Records from a dataset >>

Segment Open

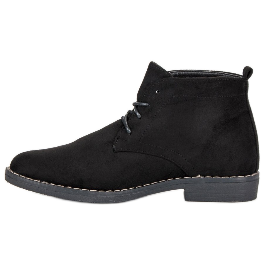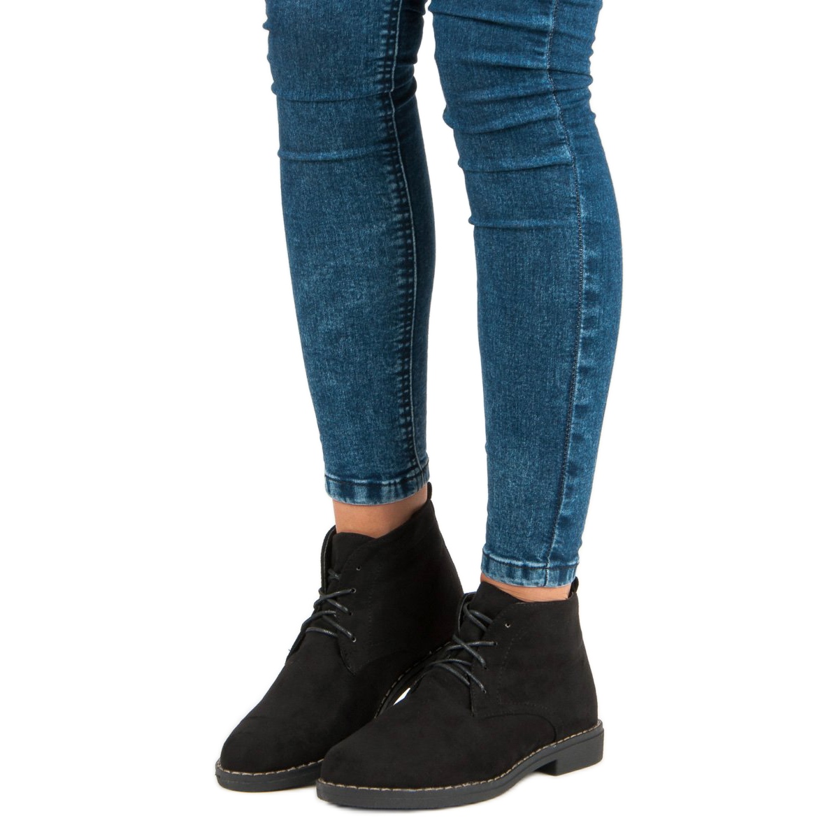 Ce sont des bottines basses à lacets noires qui allient confort et élégance au plus haut niveau. Fabriquées en daim écologique de haute qualité, ces bottines sont parfaites pour les journées froides, offrant non seulement un look élégant, mais aussi un confort de port. Elles ont un talon plat d'une hauteur de 2,0 cm, ce qui en fait un choix idéal pour un usage quotidien.
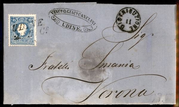 Lettera da Udine del 29.12.1862 per Verona affrancata con 15 cent (32) secondo tipo
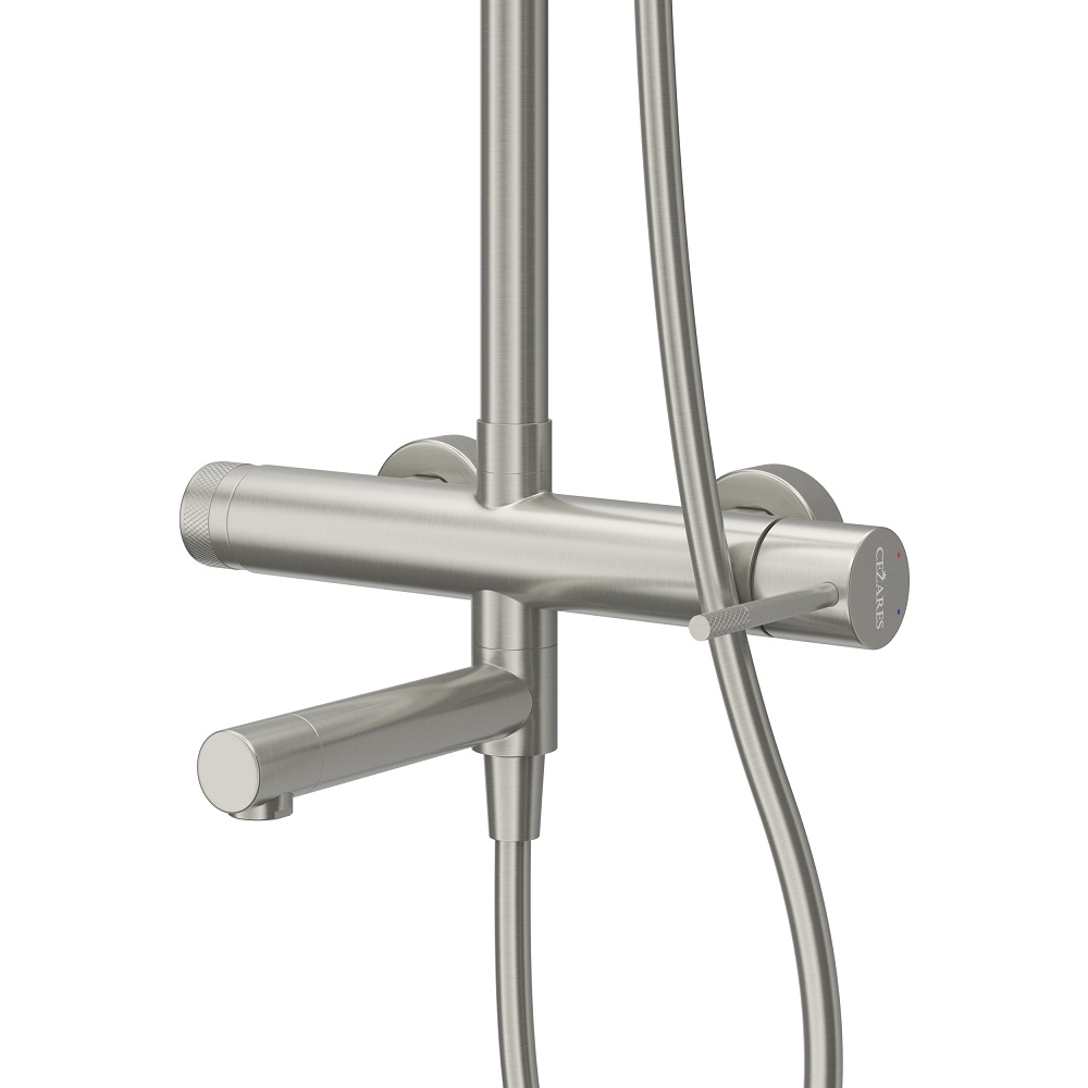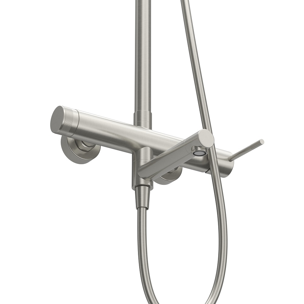 •Смеситель душевой стойки оснащен поворотным изливом с дивертором (переключателем на излив/верхний, ручной душ)
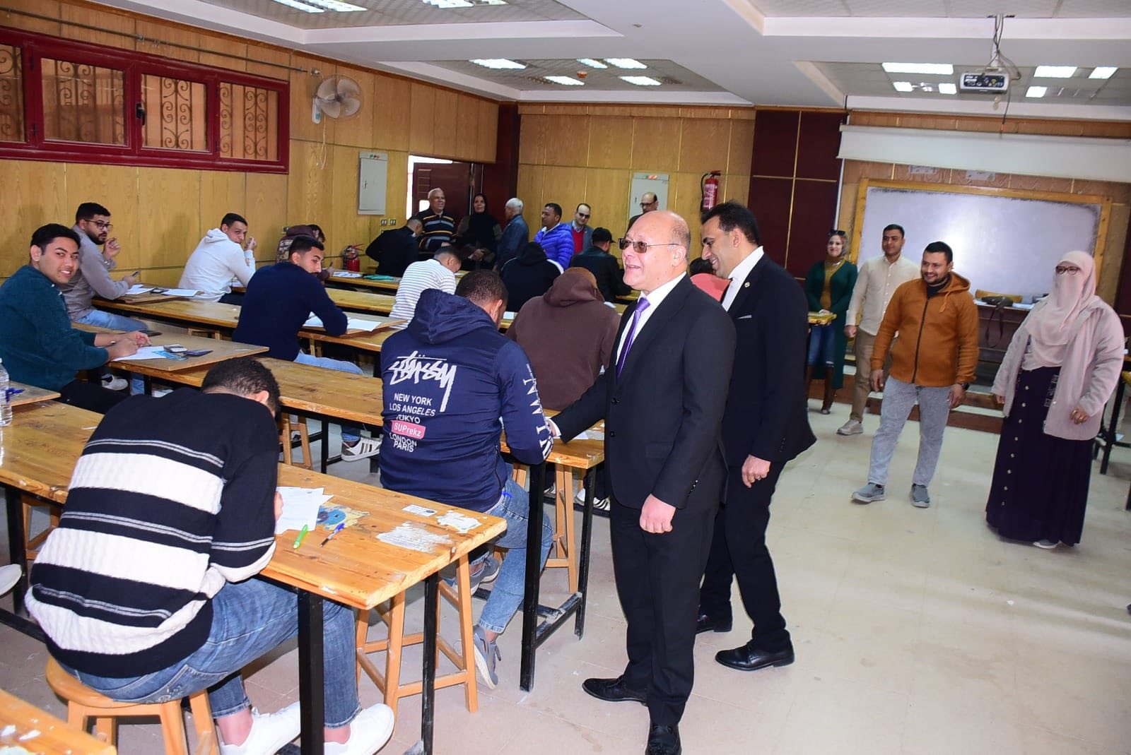 تابع الدكتور حسان النعماني رئيس جامعة سوهاج، سير أعمال امتحانات الفصل الدراسي الاول للعام الجامعي الجارى، بكلية الهندسة حيث تفقد عدد من لجان الامتحانات بمقر الجامعة الجديد، يرافقه الدكتور طلعت علي عميد الكلية والدمتور ممدوح عباس وكيل الكلية لشؤون خدمة المجتمع وتنمية البيئة.
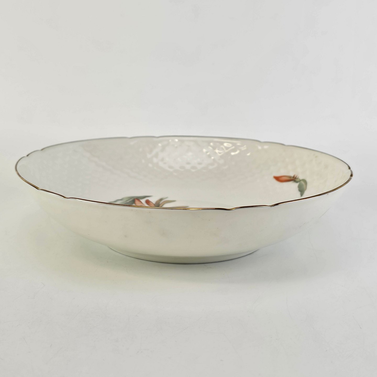 Kaktus er cremefarvet porcelæn i skælform, dekoreret med kaktusblomster og guldkant
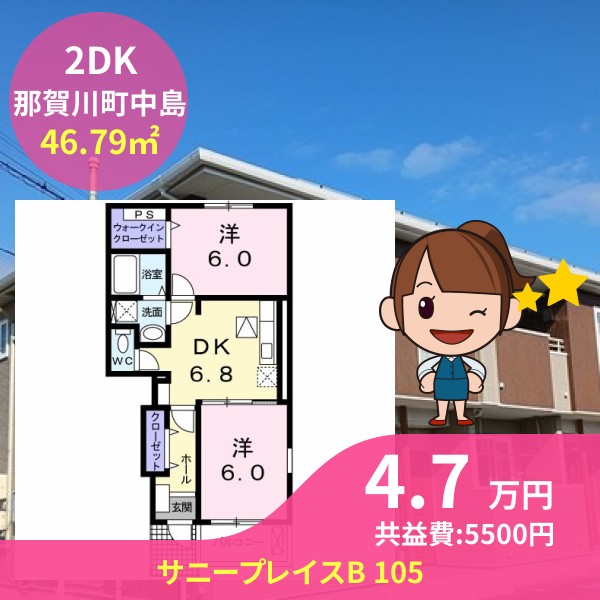 阿南市那賀川町中島のサニープレイスB 105をご紹介します

Segment Closed

TASK GOAL >>
Copy word for word the lines of the records above from the one with "Lettera da Udine" up to and including the one with "излив/верхний, ручной душ)". Skip the pictures.

REPLY TO THE EXERCISE >>
 Lettera da Udine del 29.12.1862 per Verona affrancata con 15 cent (32) secondo tipo
 •Смеситель душевой стойки оснащен поворотным изливом с дивертором (переключателем на излив/верхний, ручной душ)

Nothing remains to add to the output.